The new GP contract does not stipulate that GPs must agree death certificates with a medical examiner, the BMA has told GPs.
The BMA’s GP Committee for England is currently in a dispute with the Government over the imposition of contract tweaks for 2023/24, which it says comes with extra workload and no additional funding.
However, during a webinar on Wednesday this week, GPCE acting chair Dr Kieran Sharrock told GPs that currently ‘there is nothing in the contract’ that says practices have to engage with medical examiners.
The webinar advice formed part of a section focusing on what workload GPs could consider not doing in a bid to protect themselves from burnout.
The union also said it would publish new guidance on the matter in the upcoming weeks.
The new system was meant to commence in less than two weeks, with the intention of medical examiners providing independent scrutiny of all deaths in the community which are not taken to the coroner.
The statutory system was formally introduced by the Health and Care Act last year and NHS England wrote to GP practices in England in July asking them to implement processes to facilitate the work of medical examiners by 31 March 2023.
It means GPs would have to give access to a deceased patient’s records in order for the medical examiner to reach agreement on the accuracy of the medical certificate of cause of death (MCCD), where before this extra scrutiny was not required.
Implementation has so far been determined locally and some GP practices have been using the system for many months already as a pilot scheme.
However, some GPs have flagged that the legislation necessary to mandate this system is currently missing, with one LMC leader calling the implementation process a ‘car crash’.
New guidance published yesterday by NHS Digital said that as e-RS is used in all GP practices and all acute providers, extending its use to support the medical examiner system ‘should minimise the need for training and business change at either end of the process.’
Recently, the BMA included medical examiners in its list of workload which should be removed from GP practices, in order to relieve pressures.

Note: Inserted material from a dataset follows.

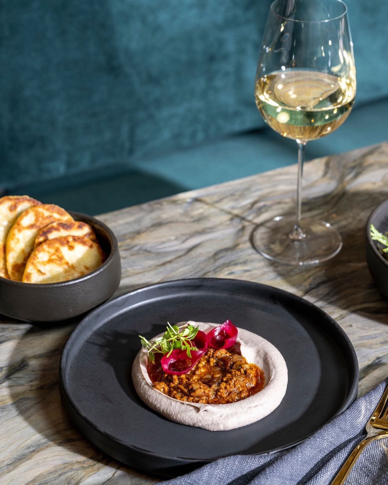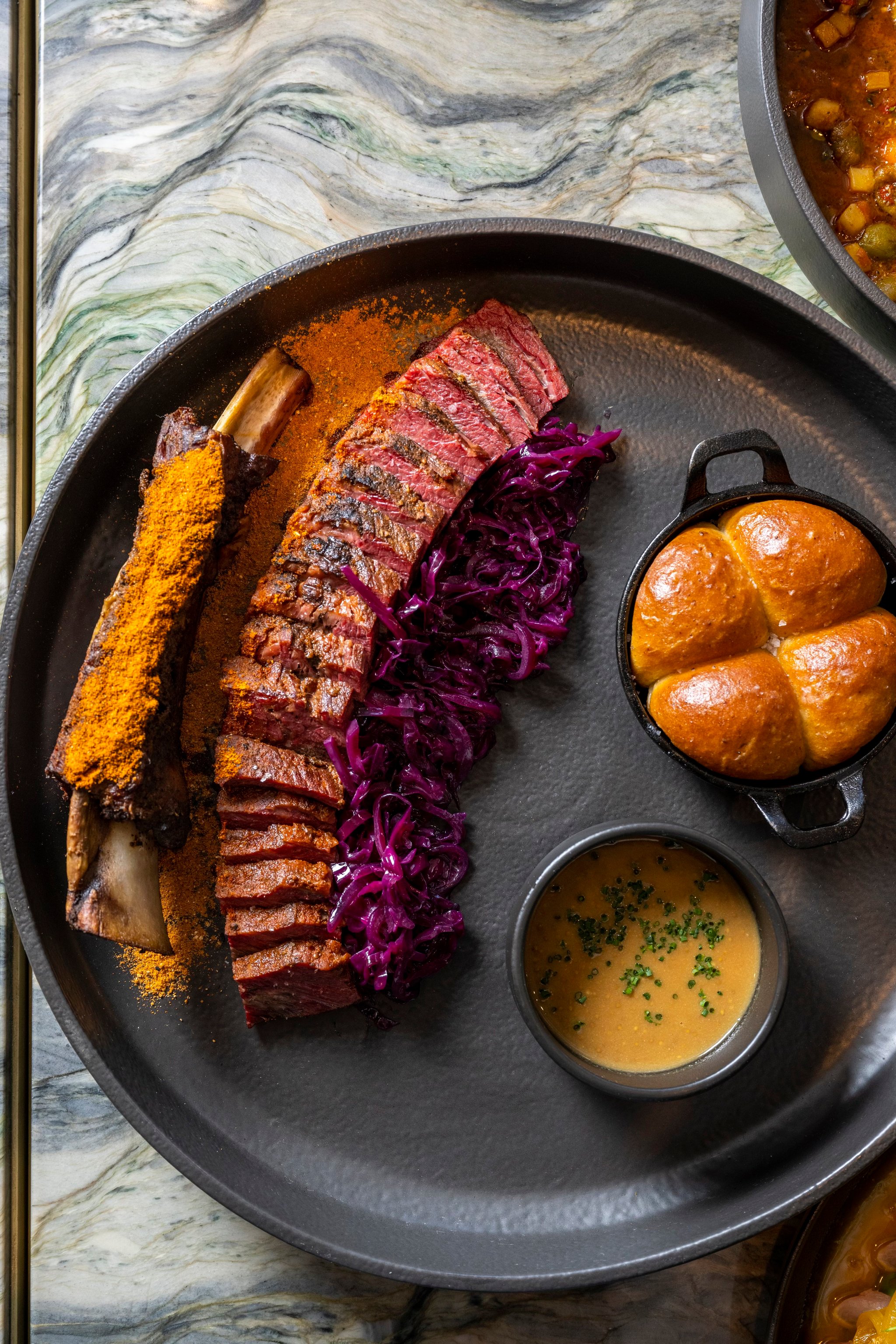 Braised Oxtails with rice and peas, Thumbelina carrot, and chayote carrot, are a hearty, comforting reminder of Chef Kwame’s roots, while the Short Rib Pastrami Suya combines wagyu short rib, caraway coco bread, and melted red cabbage for a bold take on a classic.

A spokesperson from the Department of Health said: ‘The medical examiner system will introduce an additional layer of scrutiny of the cause of death by the medical practitioner, improving the quality and accuracy of the medical certificate of cause of death and thereby informing the national data on mortality and patient safety.
‘It will increase transparency and facilitate discussions with the bereaved about any concerns they may have, providing new levels of scrutiny to improve detection of criminal activity or poor practice.